Many of these new pieces are shape-shifters, changing in appearance depending on light and vantage point, their physicality always in question. The Stacks are each comprised of dozens of individual works, layered one on top of the other to constitute body of the sculpture. Lukas’ most recent Bubble-Wrap Paintings bulge out from their physical frame, drawing the viewer’s eyes to the overall honeycomb pattern, building an awareness of the relationship between depth perception and color, an attribute similar to Lukas’s Thread Paintings.

Liquid Lens (2016), crafted from welded and calibrated aluminum tubes, demands physical engagement from the viewer. Recalling his long-term interest in perspective, Lukas has developed an interactive lens that breaks down the elements of seeing on a large scale. The curved shape of the sculpture is a material manifestation of one-point perspective—the form of the piece mimics the way all lines converge at the vanishing point.

Born in Pittsburgh, Pennsylvania, in 1964, Emil Lukas has exhibited throughout the United States and abroad.

Solo museum shows include “Emil Lukas: Connection to the Curious” at The Aldrich Contemporary Art Museum in Ridgefield, CT (2005); “Emil Lukas” at The Weatherspoon Museum, Greensboro, NC (2005); “Things with Wings,” The Mattress Factory, Pittsburgh, PA (2005); and “Moderate Climate and the Bitter Bison” at the Hunterdon Museum, Hunterdon, NJ (2008).

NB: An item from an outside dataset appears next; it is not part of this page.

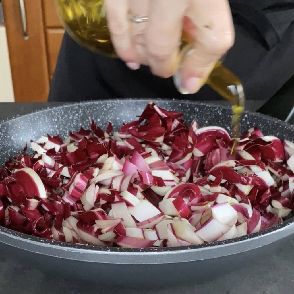 • Let’s start making the polenta roll with radicchio, speck, and cheese. First, prepare the radicchio, clean the onion, chop it finely, and place it in a large pan.

In 2016, a solo exhibition of his work was held at the Pennsylvania Academy of Fine Arts, Philadelphia, PA. His work is in important private and public collections, including the Panza Collection, Italy; The Dakis Joannou Collection, Greece; the Anderson Collection, Stanford University, California; the Baltimore Museum of Art, Maryland; the Crystal Bridges Museum of American Art, Bentonville, Arkansas; the Museum of Contemporary Art San Diego, California; the Pennsylvania Academy of Fine Arts, Philadelphia; the San Francisco Museum of Modern Art, California; and the Weatherspoon Art Museum, Greensboro, North Carolina.